[RECORDED INFORMATION]:
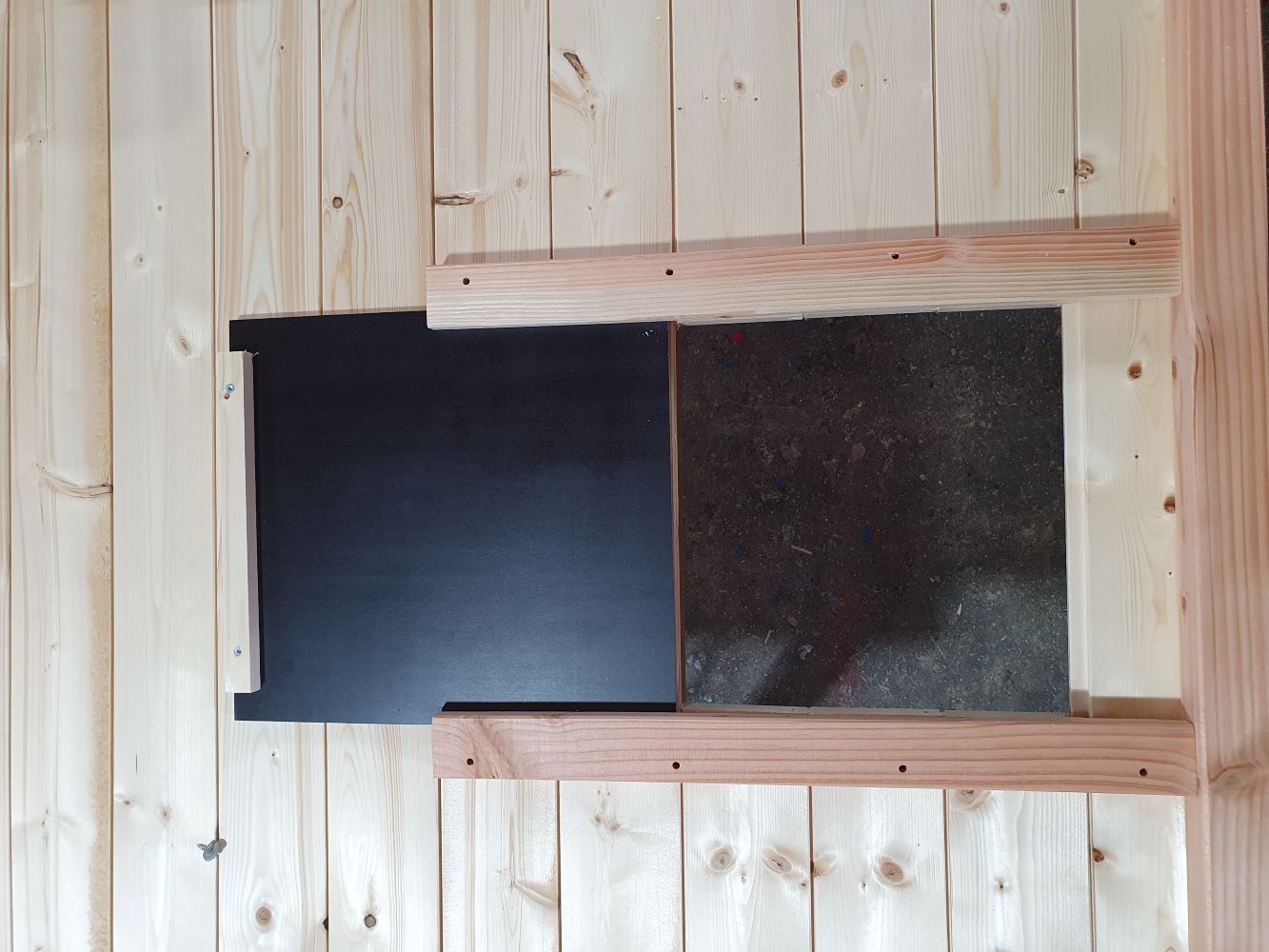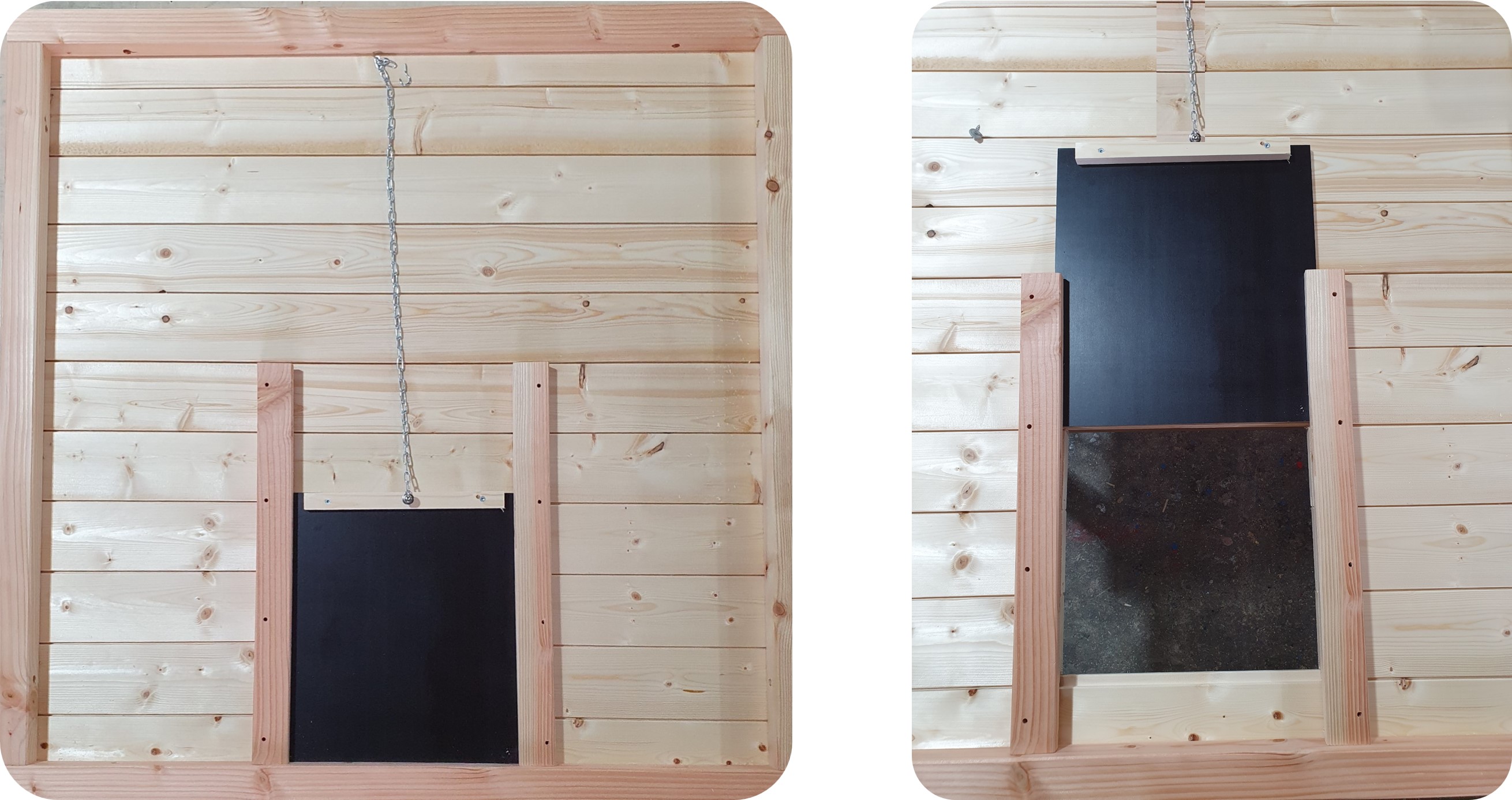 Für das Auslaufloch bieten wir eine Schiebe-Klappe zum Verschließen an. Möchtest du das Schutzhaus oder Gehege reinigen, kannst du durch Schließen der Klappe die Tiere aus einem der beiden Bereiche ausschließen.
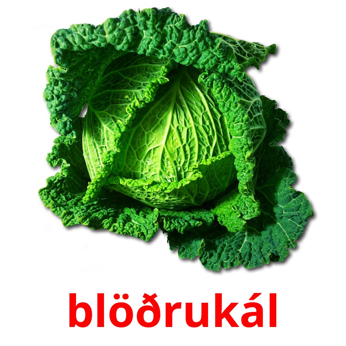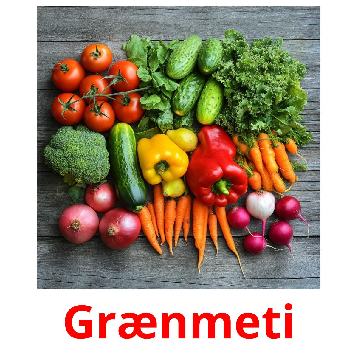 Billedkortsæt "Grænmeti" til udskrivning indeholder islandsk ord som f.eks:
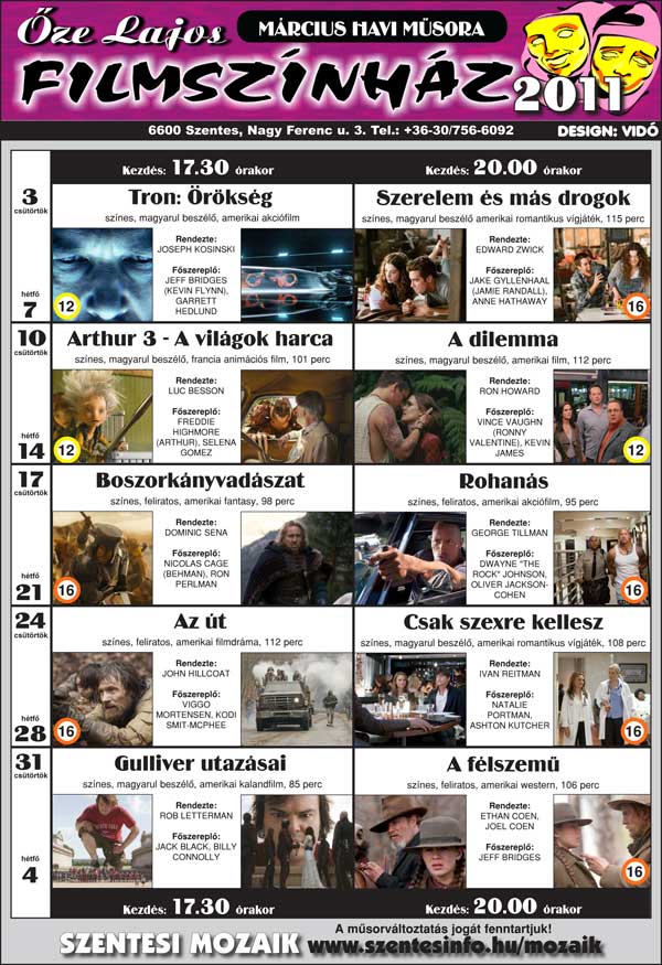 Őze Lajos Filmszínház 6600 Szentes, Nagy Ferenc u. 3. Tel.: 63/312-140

[WHAT TO DO]: Print the whole listing exactly. No pictures belong in the copy.

[ANSWER TO THE PROBLEM]:
 Für das Auslaufloch bieten wir eine Schiebe-Klappe zum Verschließen an. Möchtest du das Schutzhaus oder Gehege reinigen, kannst du durch Schließen der Klappe die Tiere aus einem der beiden Bereiche ausschließen.
 Billedkortsæt "Grænmeti" til udskrivning indeholder islandsk ord som f.eks:
 Őze Lajos Filmszínház 6600 Szentes, Nagy Ferenc u. 3. Tel.: 63/312-140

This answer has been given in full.